* AIM OF THE EXERCISE: Everything from the line holding "Buy ๐งจ Bar" through the final line of the entries below is to be written out exactly, and nothing more; leave out pictures.

* GIVEN RECORDS:
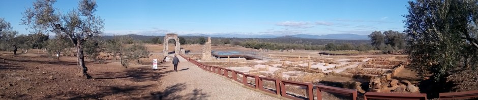 Po římské silnici přicházím jediná a zezadu. Po půldni mezi poli a loukami se přede mnou z ničeho nic najednou vynoří vítězný oblouk! Nic mě nevaruje, prostě je tu. Pomalu dojdu až pod něj a vychutnávám si tu chvíli. Tak jsem tu, u symbolu stezky Vía de la Plata. Teprve potom se rozhlížím a zjišťuju, že je tu archeologický areál s expozicí a promítací místností, podobně jako v Italice, ale kdyby zrovna nedorazil autobus se školní mládeží, nebyla by tu ani noha. Procházím se kolem, ale za chvíli mají zavírat bránu na polední pauzu a nerada bych tu zůstala trčet – cesta dnes bude ještě dlouhá. A tak u ruin lázní odposlouchávám kus výkladu nadšené průvodkyně znuděné pubertální mládeži a rychle mířím zpět k oblouku a zadní brance, protože tudy, nikoli autobusem po asfaltce, vede ta správná cesta.
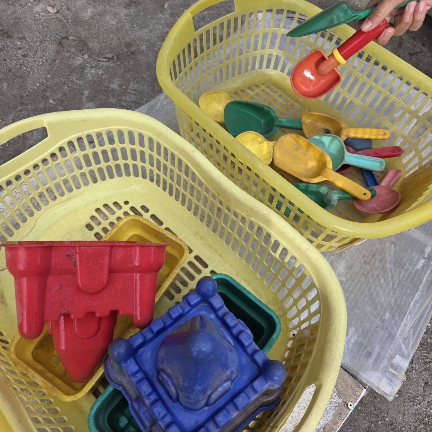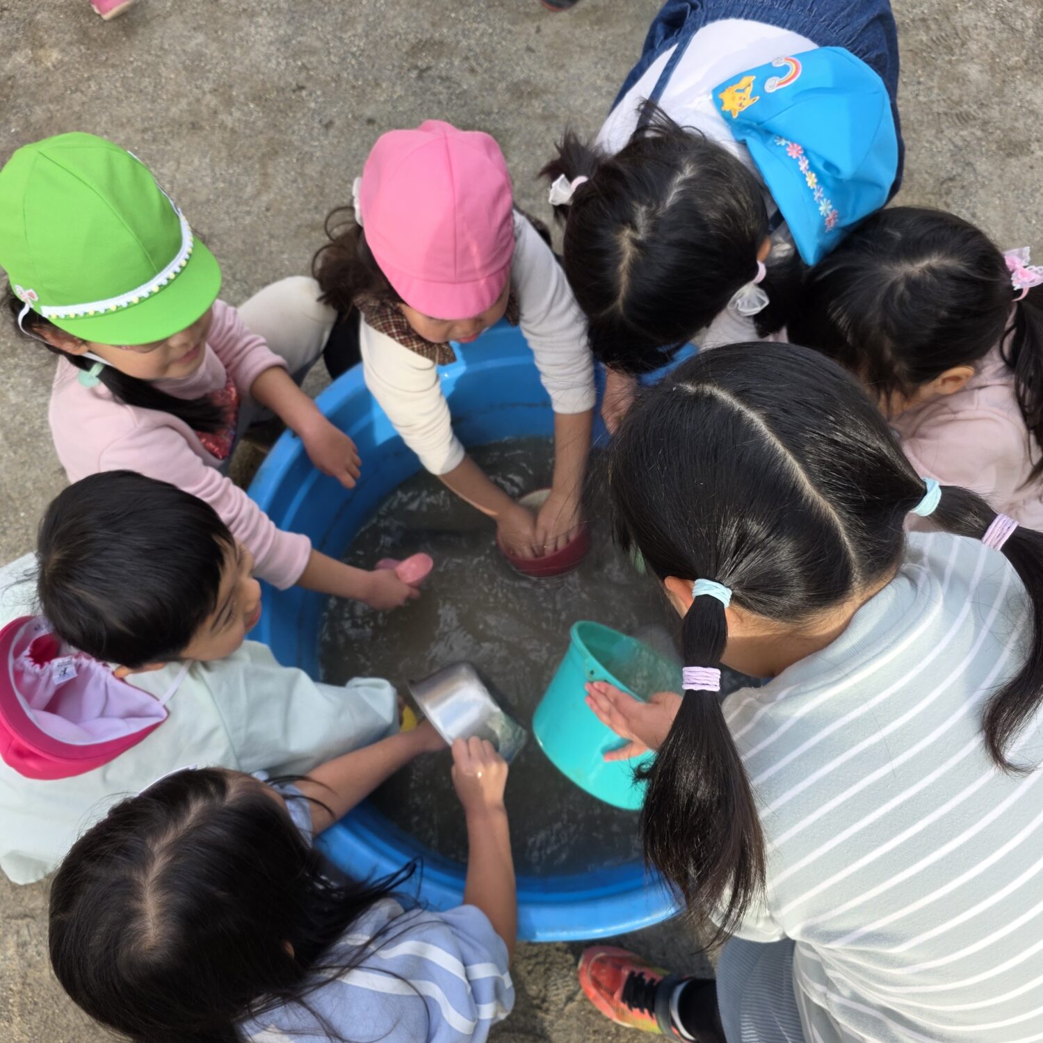 お湯をたらいに入れると、、「温泉みたい!」とお手てを温めながらお砂場道具を、丁寧に洗う姿がかわいらしい♥️
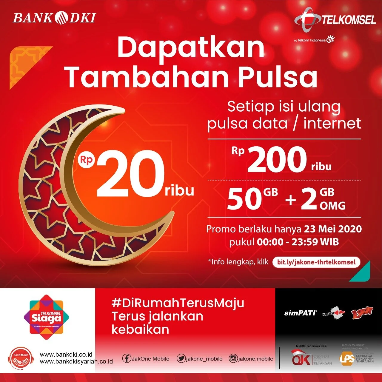 Nikmati promo Ramadhan Idul Fitri Telkomsel dan Bank DKI di hari Sabtu tanggal 23 Mei 2020 dan dapatkan Pulsa Rp. 20.000
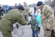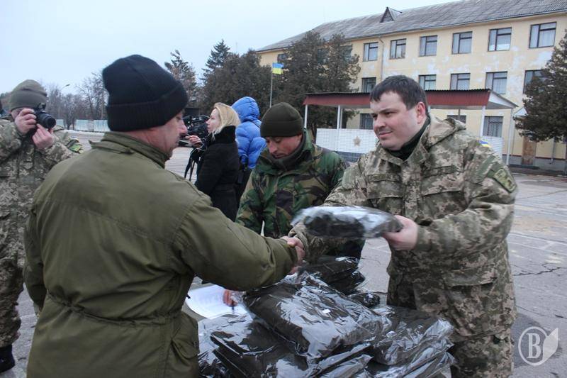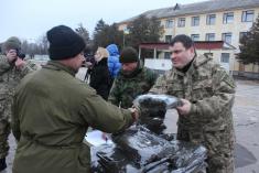 — Нині до одностроїв, що красуються на вас, ми додатково передаємо утеплені флісові кофти від українців Канади та небайдужих волонтерів. Хочу подякувати усім людям та волонтерським організаціям за надану допомогу. Разом з нами вони також прагнуть щоб Україна була незалежною, вільною та самостійною державою, — зазначив Юрій Гусєв.
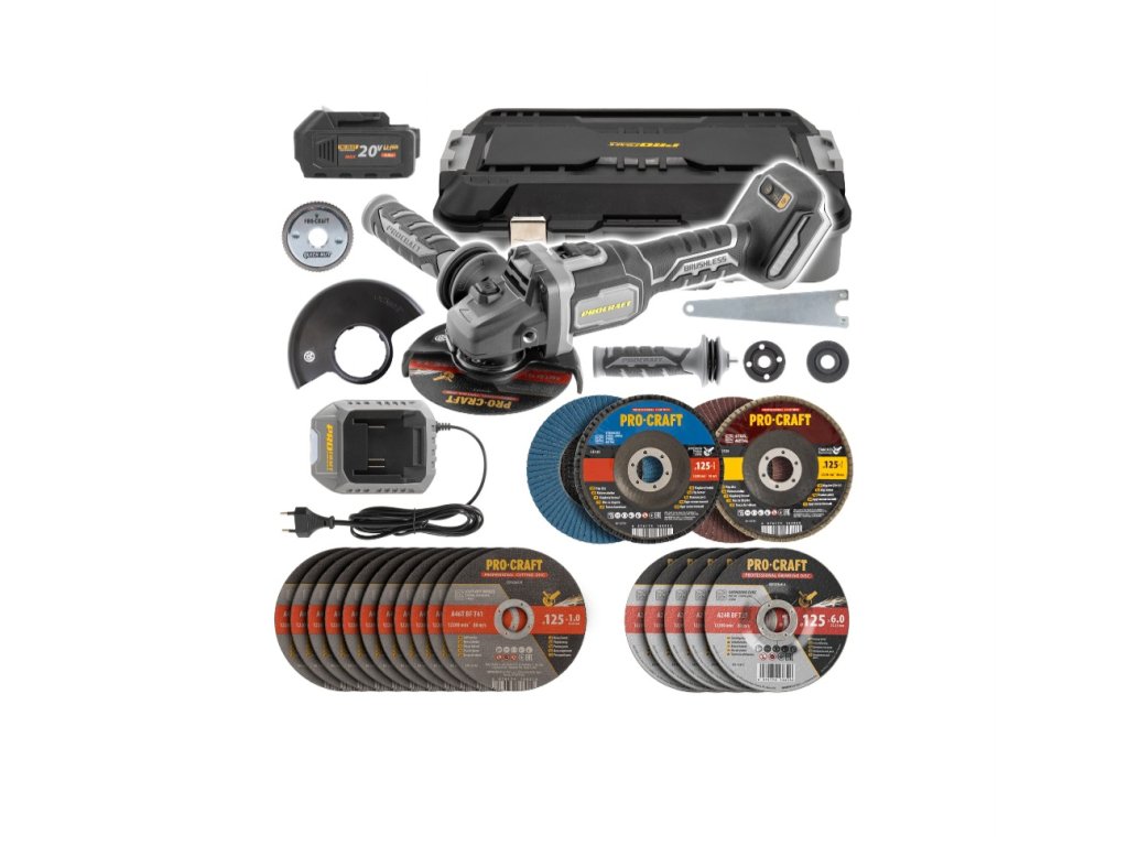 Aku bruska úhlová Procraft AG125B + 10x řezný, 4x lamelový, 5x brusný kotouče, rychloupínací matice
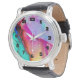 Eine Uhr mit extravagantem künstlerisch abstraktem Design. Wasserfarbenmalerei mit Farbmischungen und -mischungen, die ein fließendes Marmormuster erzeugen.
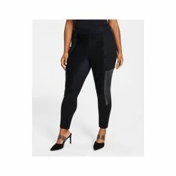 Buy ๐งจ Bar III Plus Size Mixed-Media Leggings, Created For Macy’s Deep Black โค๏ธ
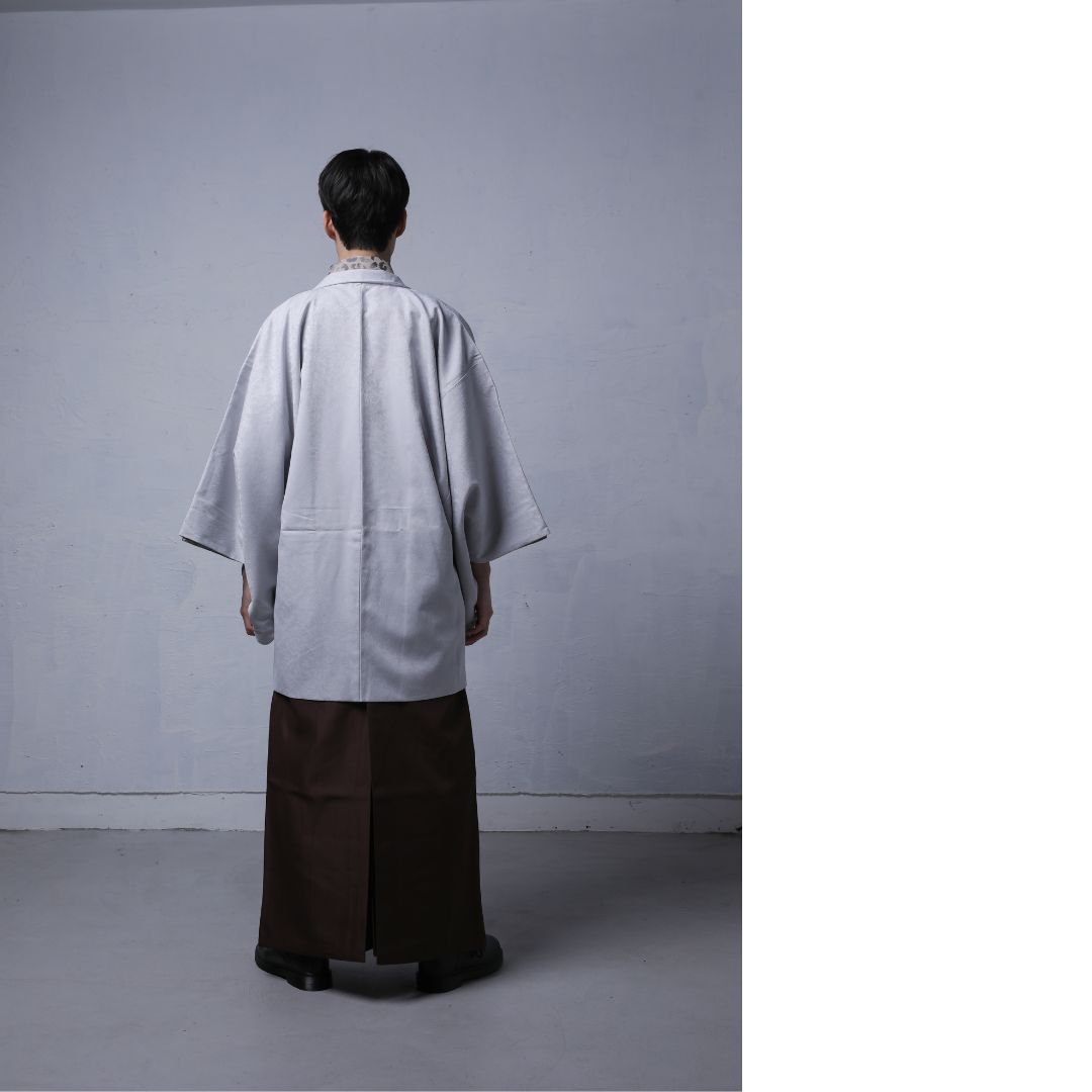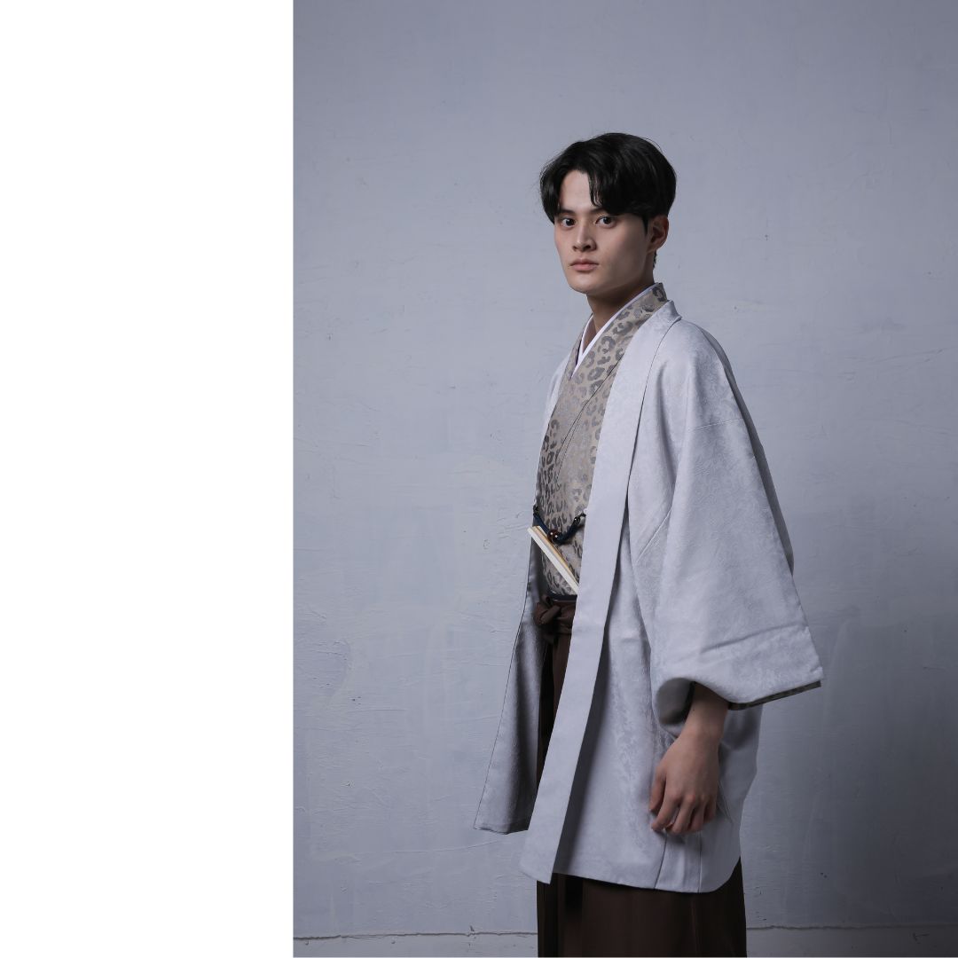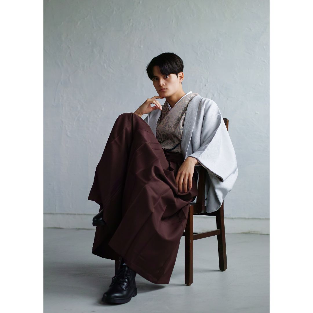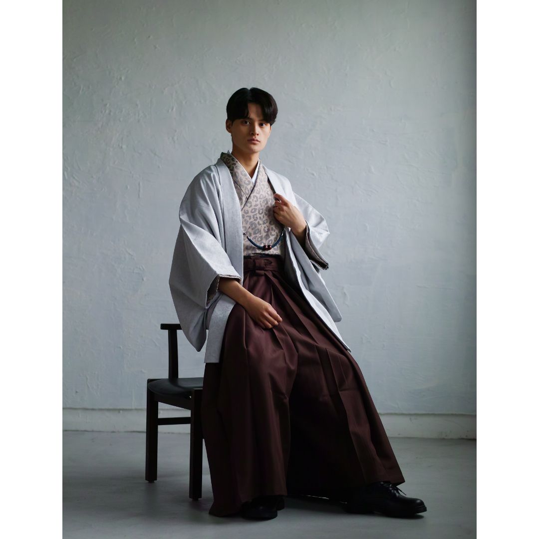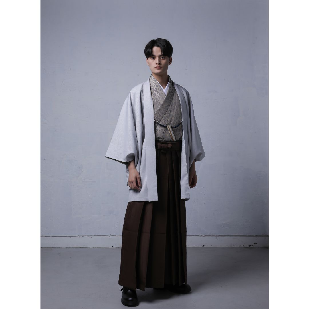 【対応身長170cm-180cm】男性用レンタル紋付き袴フルセットremhs-6003-95| 夢助|ベージュ豹柄着物|グレーボタニカル柄羽織|ブラウン馬乗り袴|

* EXERCISE OUTPUT:
 Buy ๐งจ Bar III Plus Size Mixed-Media Leggings, Created For Macy’s Deep Black โค๏ธ
 【対応身長170cm-180cm】男性用レンタル紋付き袴フルセットremhs-6003-95| 夢助|ベージュ豹柄着物|グレーボタニカル柄羽織|ブラウン馬乗り袴|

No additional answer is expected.